Buron, in his slightly tight-fitting black Lanvin suit, presented his ticket to the usher without forgetting to give her a smile. The young woman guided him to the third row of the boxes and pointed to the fourth seat in. As always, Buron’s features contorted in a brief grimace as he contemplated how narrow the gap was. Damn these Italian-style theaters, he thought to himself. The hum of the audience in the Salle Richelieu began to swell, and heady gusts of perfume wafted across the walkways. The divisionnaire was already reveling in the spectacle. Don Giovanni in French—absolutely unmissable. The customary three claps sounded as he wedged himself into the red-velvet seat. He was feeling marvelously at ease that evening, safe in the knowledge that Capestan would do what was necessary.
38
The neon lights were buzzing in the hospital’s lackluster corridor, and the air was thick with the unmistakable smell of bleach.
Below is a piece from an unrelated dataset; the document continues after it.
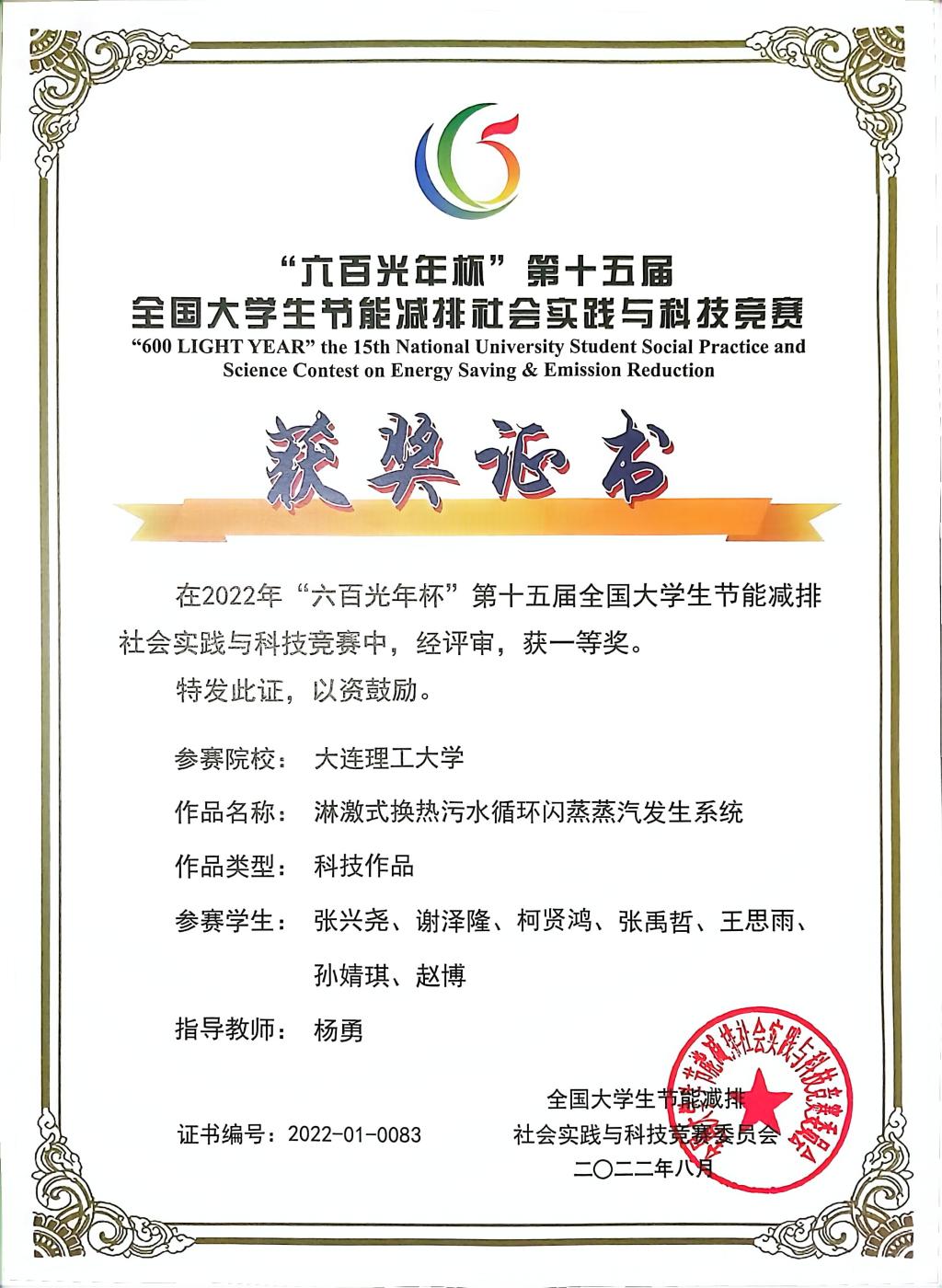 由杨勇副教授指导完成的“淋激式换热污水循环闪蒸蒸汽发生系统”荣获节能减排社会实践与科技竞赛一等奖。

Capestan’s shoes squeaked on the blue-black marble-effect linoleum as she followed the numbers on the patient room doors. One of them was ajar, revealing a bed-bound patient in a crumpled hospital gown wriggling up toward her dinner tray. Capestan knocked when she reached number 413.
Wearing a pair of yellow flannel pajamas with brown bears on them, Torrez was sitting up in bed, propped against a white pillow. He had a bandage double-wrapped around his head and a splint was preventing his shoulder and elbow from moving. His right hand was attached to a drip via a plastic cannula, and the bag was filled with a thick, transparent liquid. He was gripping the remote in his right hand even though the TV was off. His face lit up when he saw Capestan. The commissaire had brought along a portable stereo and a CD of French classics, which she placed on his bedside table.
“How are we this evening?” she said, adopting the tone of a nurse about to empty a bedpan.
“We’re fine, we’re happy. We’d quite like to pee.”
“Oh! Do you want me to call someone?” Capestan asked.
“No, I’m only joking.”
Torrez smiled broadly, causing his bandages to crinkle. Capestan wasn’t sure she had seen that expression on his face before. He winced as he sat up a bit higher. The monitor next to his bed emitted some beeps that sounded like a game of Breakout on an old Atari Arcade. Capestan didn’t know how to express her thoughts, so she kept things simple for lack of a better option:
“Thank you. If it weren’t for you I would have been a goner.”
“Don’t you realize?” Torrez said, seeming genuinely happy. “You’re not dead. I took the hit.”
She felt terrible, but Torrez was in high spirits:
“The spell’s over. It’s been reversed, even. I didn’t just avoid cursing you, I actually kept you alive, too.”
“I was certain nothing would happen to me. I don’t believe in bad luck. I’m all about good luck.”
A shadow fell over the lieutenant’s swollen face:
“You think it’ll only work on you?” he said.
“No! No, not at all,” Capestan said, backpedaling furiously.